The problem :: Your answer must be the exact lines below, starting with the line with "Letter to C-SPAN, 1996-12-15" and going on through the line with "ZANZEA Женское повседневное", both included, with no pictures.

Data provided ::
==========

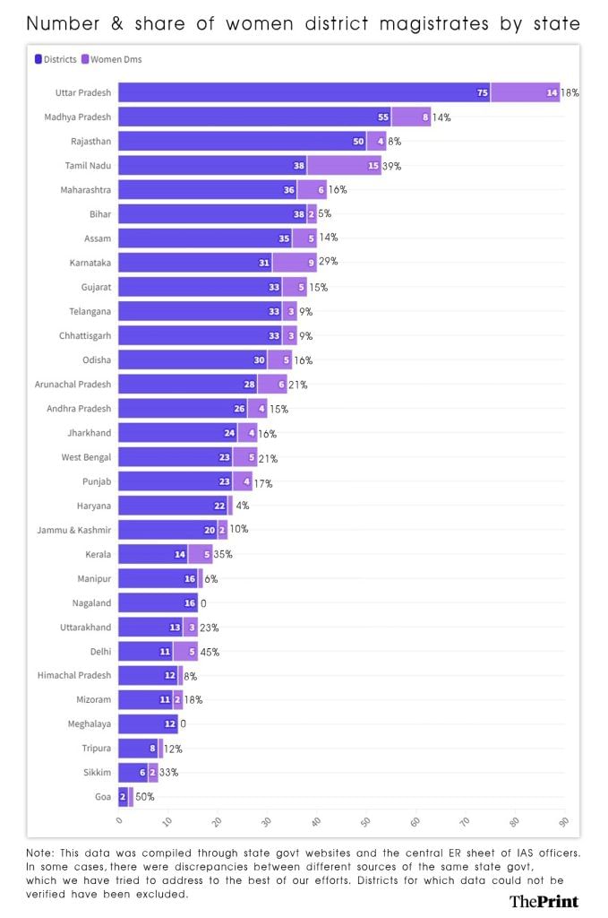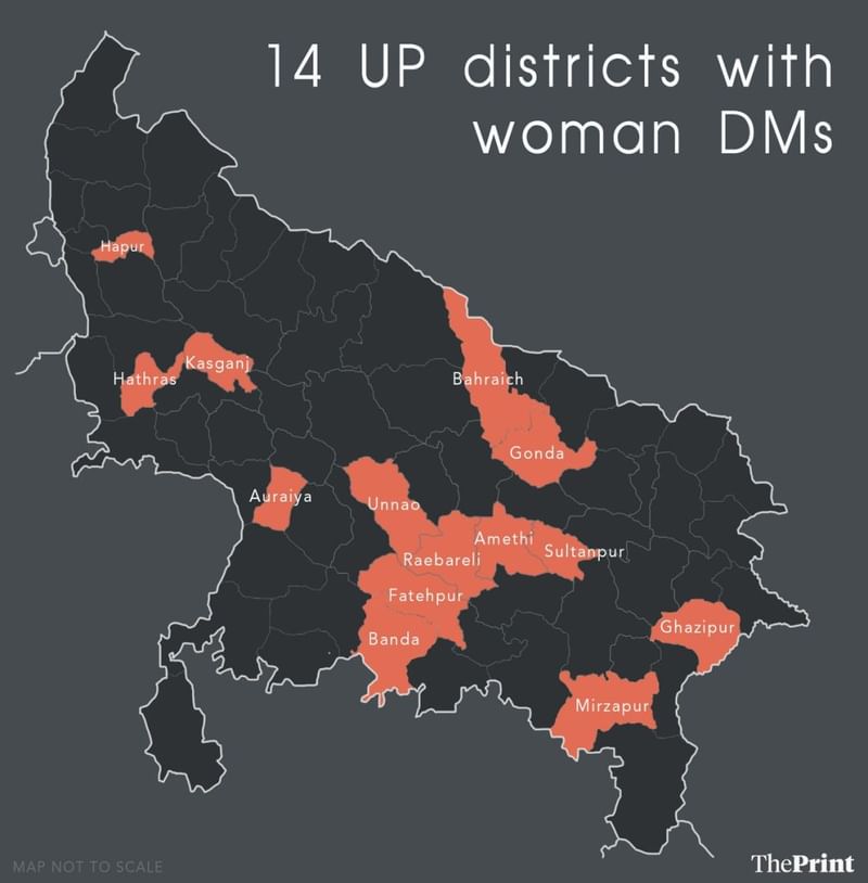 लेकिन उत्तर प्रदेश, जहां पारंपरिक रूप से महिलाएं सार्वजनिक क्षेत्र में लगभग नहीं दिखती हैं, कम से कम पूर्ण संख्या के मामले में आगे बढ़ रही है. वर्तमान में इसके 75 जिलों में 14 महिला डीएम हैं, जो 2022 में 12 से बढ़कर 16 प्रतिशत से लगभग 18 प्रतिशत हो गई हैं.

==========

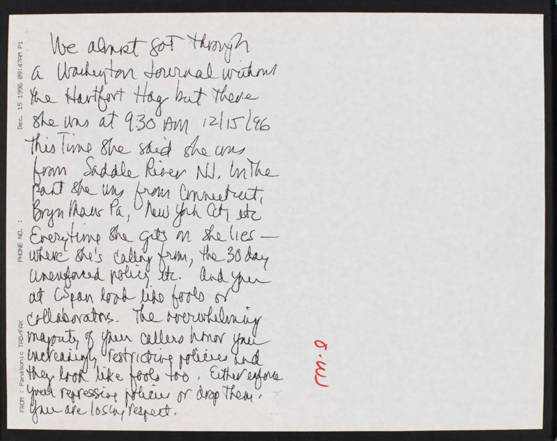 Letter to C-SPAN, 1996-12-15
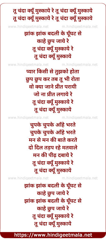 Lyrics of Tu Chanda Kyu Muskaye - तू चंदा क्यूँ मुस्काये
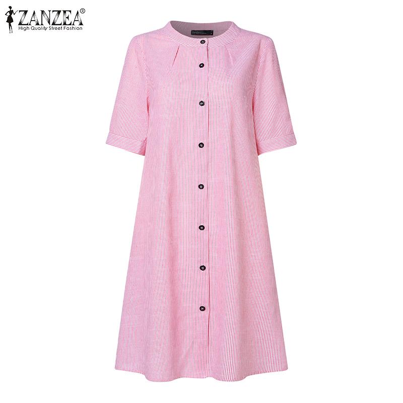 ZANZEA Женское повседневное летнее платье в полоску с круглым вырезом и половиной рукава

==========

Solved exercise ::
 Letter to C-SPAN, 1996-12-15
 Lyrics of Tu Chanda Kyu Muskaye - तू चंदा क्यूँ मुस्काये
 ZANZEA Женское повседневное летнее платье в полоску с круглым вырезом и половиной рукава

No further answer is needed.